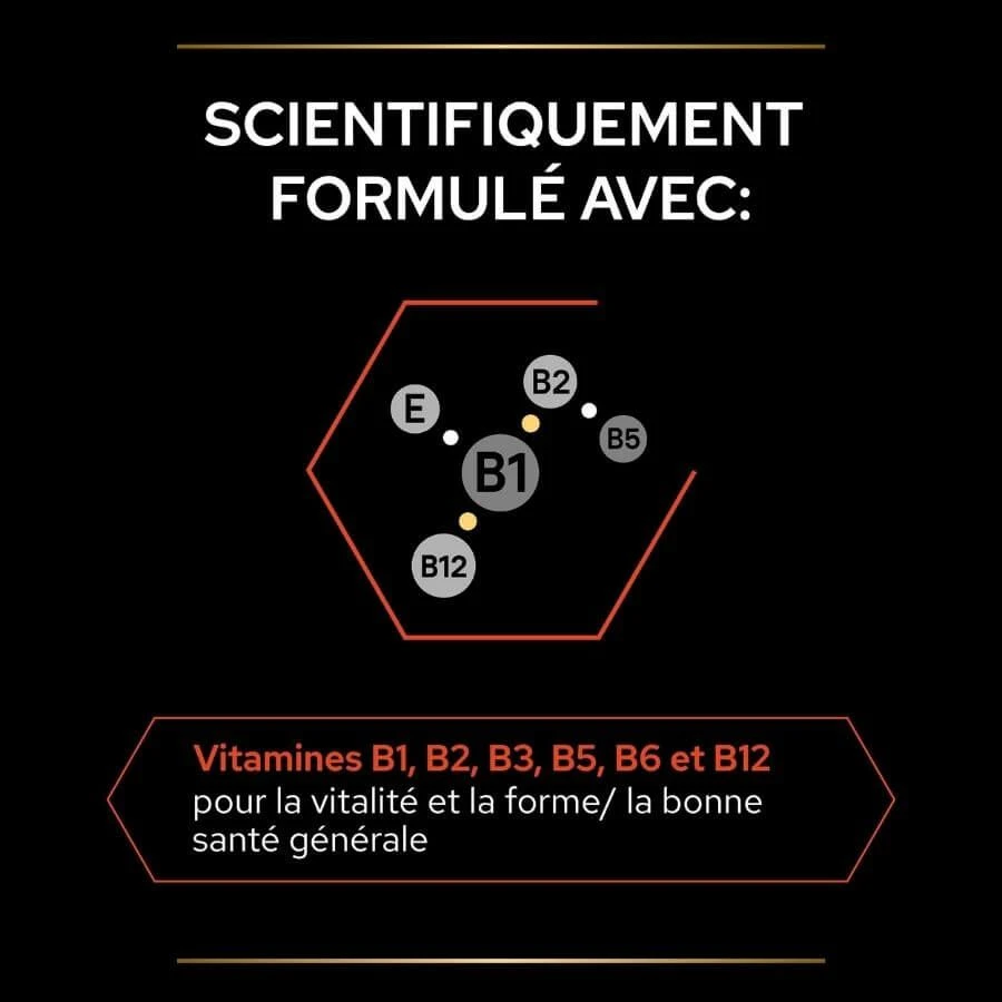 Son complexe en Vitamines B soutiendra la vitalité de votre compagnon tout en favorisant une belle peau et un beau pelage.
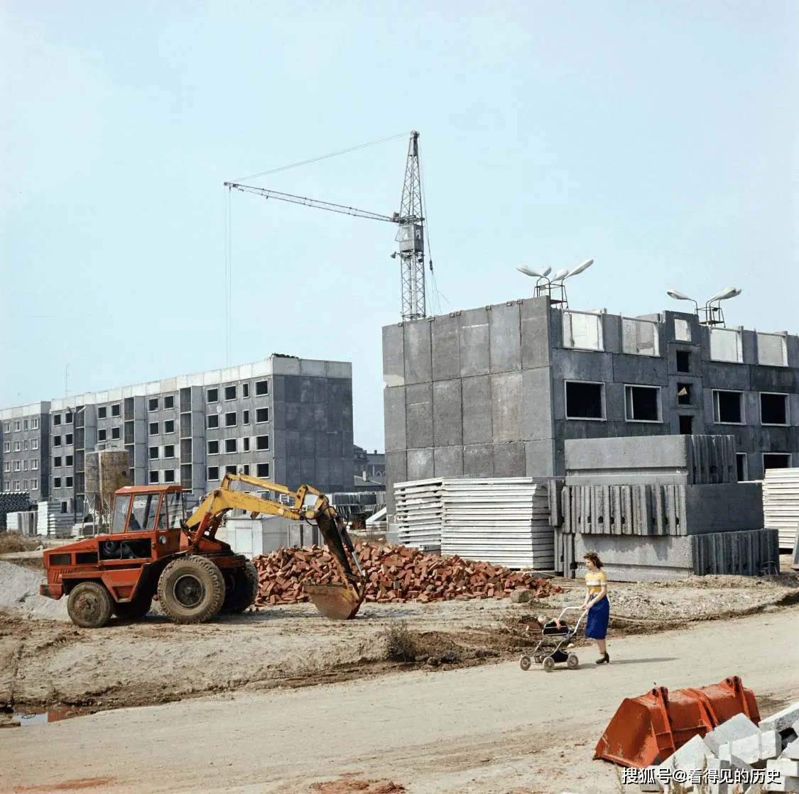 10. ผู้หญิงเข็นรถเข็นผ่านสถานที่ก่อสร้างหน้าอาคารอพาร์ตเมนต์หลังใหม่
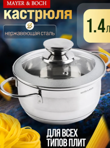 АКЦИЯ 870р. 1500р.25406 Кастрюля с крышкой 1,6 л нерж/сталь МВ (х8)
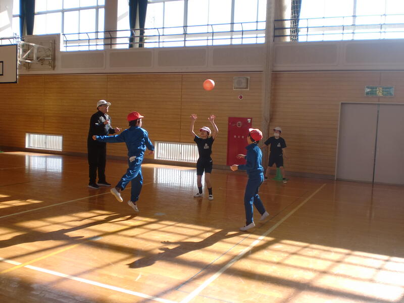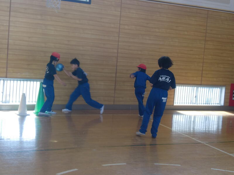 今日は、先生から簡単なルールの説明の後、2対2に分かれてのシュートゲームを行いました。最初は、ボールを持ったらすぐにシュートすることに意識が向きがちでしたが、後半になるとフェイントをかけたり、パスを回したりと、少しずつ上手にできるようになってきました。みんな楽しそうに笑顔でゲームに熱中していました。
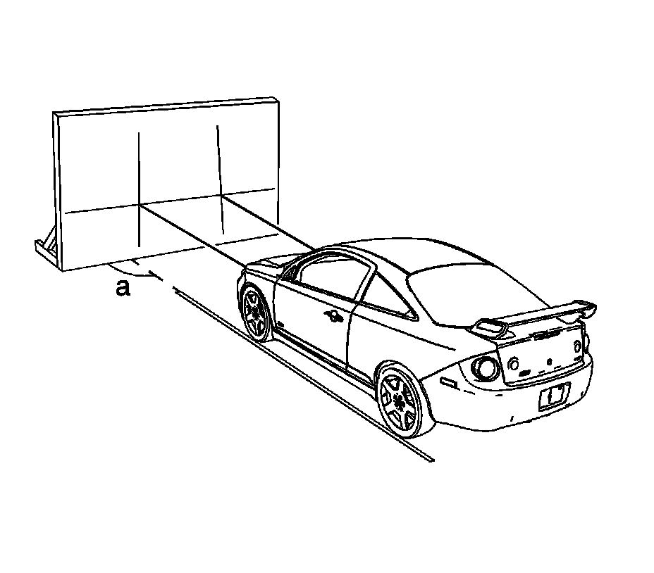 6. The left vehicle tires must be aligned with the reference line extending from the screen with the headlamps aligned with the reference line.

__________

(Task to complete):
Please retype every record above exactly, leaving out the pictures.

(Written reply):
 Son complexe en Vitamines B soutiendra la vitalité de votre compagnon tout en favorisant une belle peau et un beau pelage.
 10. ผู้หญิงเข็นรถเข็นผ่านสถานที่ก่อสร้างหน้าอาคารอพาร์ตเมนต์หลังใหม่
 АКЦИЯ 870р. 1500р.25406 Кастрюля с крышкой 1,6 л нерж/сталь МВ (х8)
 今日は、先生から簡単なルールの説明の後、2対2に分かれてのシュートゲームを行いました。最初は、ボールを持ったらすぐにシュートすることに意識が向きがちでしたが、後半になるとフェイントをかけたり、パスを回したりと、少しずつ上手にできるようになってきました。みんな楽しそうに笑顔でゲームに熱中していました。
 6. The left vehicle tires must be aligned with the reference line extending from the screen with the headlamps aligned with the reference line.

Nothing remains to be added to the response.